As students of the Rhode Island School of Design, we firmly believe that we can no longer ignore the role of the screen in graphic design.
In order to be effective visual communicators, we must embrace a desire to understand all contemporary mediums, whether physical or digital. We no longer recognize a division between the “print designer” and the “web designer”. We see only designers, who must understand not just issues of form, hierarchy and color, but also of interaction, movement and experience.
We propose to bring the realm of screen design into the RISD curriculum, in both practice and discourse. It is only through this shift that students may develop a methodology for creation that can be applied not only to the page and its inherent stillness, but also to the screen and its inherent change.
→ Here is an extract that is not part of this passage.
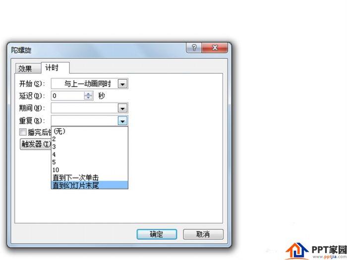 4、执行动画-动画窗格命令,选择所有的动画,调出计时选项卡,设置重复为直到幻灯片末尾。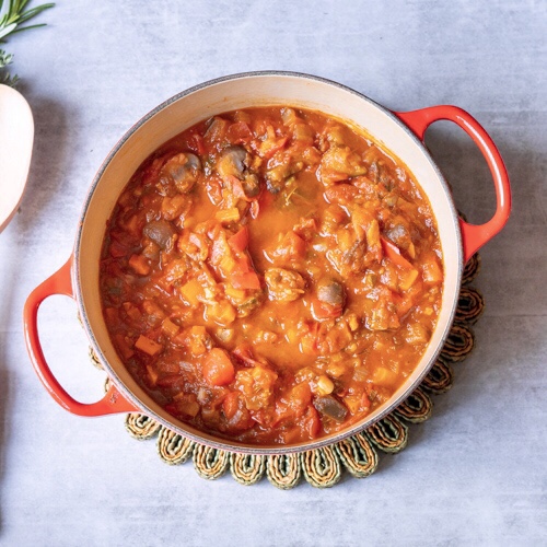 | 4. Snijd de paprika in blokjes. Snijd de courgette en aubergine in partjes. En snijd de champignons in plakjes. Voeg toe aan de pan en roer door. |

The screen can no longer be ignored.
Micah Barrett & Ian Storm Taylor

If you aren’t engaged in your own education, how can you expect someone else to be? There’s nothing stopping you from exploring web design in the assignments we are given every day.
Complaining to each other won’t change our curriculum. If we want to alter the course of our education we need to offer solutions, not just point at a problem.
Refusing to design for the screen will not limit its prevalence in our lives. If we are to subvert how the web is used to deliver information, we must understand it. It’s our responsibility as designers to make technology more human, and it’s this program’s responsibility to foster an environment with faculty that will critique user experience and dynamic design methodology.
We are constantly asking to be taught to design for the screen, but few of us are willing to put in the work to learn it on our own time. It’s time to let go of the desire for a perfect report card and embrace an education.
It’s our responsibility as students to be aware of the world outside of risd. If we are to graduate from this program with the hopes of working as designers, we need to make it our priority to address interactivity. We can’t wait for the faculty to do it for us.
In an environment where the user decides the dimensions of the canvas and the size of its elements, the designer cannot think in static terms. Faculty must give students a proper forum to tackle these design challenges.
A designer doesn’t need to code, but they need to know the medium. Understanding web technologies will make your designs more appropriate, in the same way that understanding printing techniques and paper types does in print. It’s time the fundamentals were taught.
Refusing to teach design for the screen will not limit its prevalence in our lives. To subvert how information is delivered on the web, students must be taught to understand the medium.
The web has rapidly become a primary means for communication. Yet, at risd the web is largely ignored save for a few electives. To stay relevant this program needs to integrate discussions and practice of design for the web into the core curriculum.